Background
Introduction: Simulating Visualisation for Smarter Agents
Autonomous AI agents operate in increasingly complex visual worlds, from physical robotics navigating cluttered spaces to virtual agents interacting in rich simulations. Success requires more than reacting to immediate sensory input; it demands the ability to anticipate visual futures, explore unseen possibilities, and learn efficiently from limited real-world visual experience. Computational visual imagination (online generation and manipulation of visual scenarios) and visual dreams (offline synthesis and processing of visual data) are becoming essential capabilities for next-generation autonomous agents.
We define:
Visual Imagination: The agent's ability to use its internal models to actively generate and manipulate visual representations (images, scenes, viewpoints, object transformations) of states, actions, or outcomes not currently perceived. This includes predicting future visual states, visualizing counterfactuals, and synthesizing novel visual concepts.
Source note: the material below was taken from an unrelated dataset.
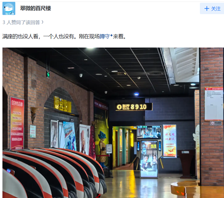 報道說,大部份的場次都是要麼沒人買,要麼就滿座了。網民猜測滿座應該是強制性給的任務,像是影院自己設置的。剩下放映的場次購票人數就正常多了,購票人數不超過10人。
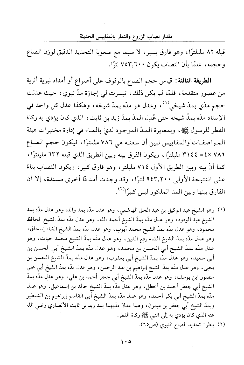 الطريقة الثالثة: قياس حجم الصاع بالوقوف على أصواع أو أمداد نبوية أثرية من عصور متقدمة، فلمّا لم يكن ذلك، تيسرت لي إجازة مدّ نبوي، حيث عدلت حجم مدّي بمدّ شيخي (¬1)، وعدل هو مدّه بمدّ شيخه، وهكذا عدل كل واحد في الإسناد مدّه بمدِّ شيخه حتى عُدِل المدّ بمدّ زيد بن ثابت، الذي كان يؤدي به زكاة الفطر للرسول - صلى الله عليه وسلم -، وبمعايرة المدّ الموجود لديَّ بالماء في إدارة مختبرات هيئة المواصفات والمقاييس تبين أن سعته هي 786 مللترًا، فيكون حجم الصاع 786 × 4 = 3144 مليلترًا، ويكون الفرق بينه وبين الطريق الذي قبله 632 مليلترًا، كما أن بينه وبين الطريق الأول 714 مليلتر، وهو فارق كبير، ويكون النصاب بناءً على النتيجة الأولى 943. 200 لترًا، وقد وجدت أمدادًا أخرى مسندة، إلا أن الفارق بينها وبين المد المذكور ليس كبيرًا (¬2).

Visual Dreams: The agent's ability to engage in offline processing involving the generation, replay, augmentation, or recombination of visual experiences (real or synthetic) solely for the purpose of improving its internal models (visual perception, world dynamics, policy) without external interaction.
Crucially, we address these as functional computational processes, not conscious experiences. Their power lies in enabling agents to "see" possibilities, learn from synthetic sight, and act with visual foresight.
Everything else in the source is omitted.